In other embodiments, the inventive method includes a step of modifying an object based audio program indicative of a trajectory of an audio object, to determine a modified program indicative of a modified trajectory of the object, where both the trajectory and the modified trajectory are defined in the same space (i.e., no portion of the modified trajectory extends outside the space in which the trajectory extends). For example, the trajectory may be modified to optimize (or otherwise modify) the timbre of sound emitted in response to speaker feeds determined from the modified program relative to the sound that would be emitted in response to speaker feeds determined from the original program (e.g., in the case that the modified trajectory, but not the original trajectory, determines a single ended “snap to” or “snap toward” a speaker).

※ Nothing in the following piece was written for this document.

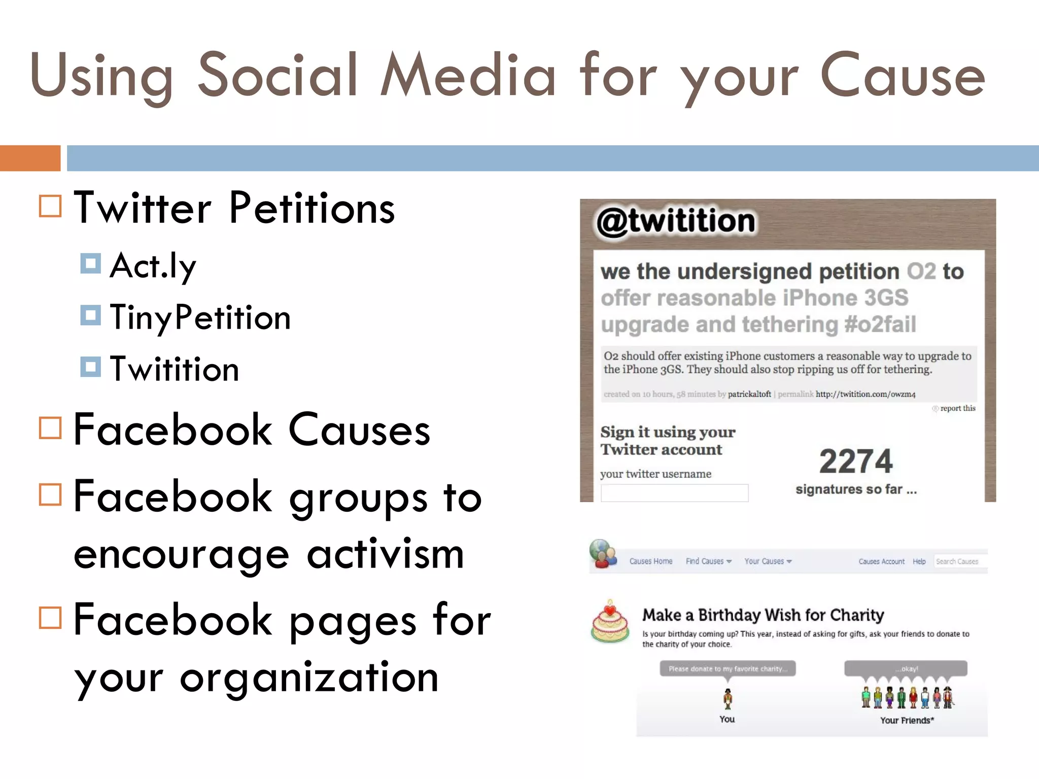 The document provides information on using various social media platforms and websites to support social causes and non-profits. It lists tools for fundraising and advocacy on Twitter, Facebook, and other sites. It also gives recommendations for sites that help non-profits learn how to use social media effectively and connect with volunteers and donors.

In typical embodiments, the inventive method includes steps of distorting over time a trajectory of an authored object to determine a modified trajectory of the object, where the object's trajectory is indicated by an object based audio program and is within a subspace of a three-dimensional volume, and such that at least a portion of the modified trajectory is outside the subspace, and generating at least one speaker feed for a speaker whose position corresponds to a position outside the subspace (e.g., where the subspace is a horizontal plane at a first elevational angle relative to an expected listener, a speaker feed is generated for driving a speaker located at a second elevational angle relative to the listener, where the second elevational angle is different than the first elevational angle. For example, the first elevational angle may be zero and the second elevational angle may be nonzero). For example, the method may include a step of distorting an audio object's trajectory indicated by an object based audio program, where the trajectory is in a horizontal plane at an elevational angle of zero relative to the listener, in order to generate a speaker feed for a speaker (of a playback system) located at a nonzero elevational angle relative to a listener, where none of the speakers of the original authoring speaker system was located at a nonzero elevational angle relative to the content creator.


In some embodiments, the inventive method includes the step of modifying (upmixing) an object based audio program indicative of a trajectory of an audio object, where the trajectory is within a subspace of a full three-dimensional volume, to determine a modified program indicative of a modified trajectory of the object (e.g., by modifying coordinates of the program indicative of the trajectory, where such coordinates are determined by metadata included in the program), such that at least a portion of the modified trajectory is outside the subspace. Some such embodiments are implemented by a stand-alone system or device (an “upmixer”). The modified program determined by the upmixer's output is typically provided to a rendering system configured to generate speaker feeds (in response to the modified program) for driving a set of loudspeakers, typically including a speaker feed for driving at least one speaker in the set whose position corresponds to a position outside the subspace. Alternatively, some such embodiments of the inventive method are implemented by a rendering system which generates the modified program and generates speaker feeds (in response to the modified program) for driving a set of loudspeakers, typically including a speaker feed for driving at least one speaker in the set whose position corresponds to a position outside the subspace.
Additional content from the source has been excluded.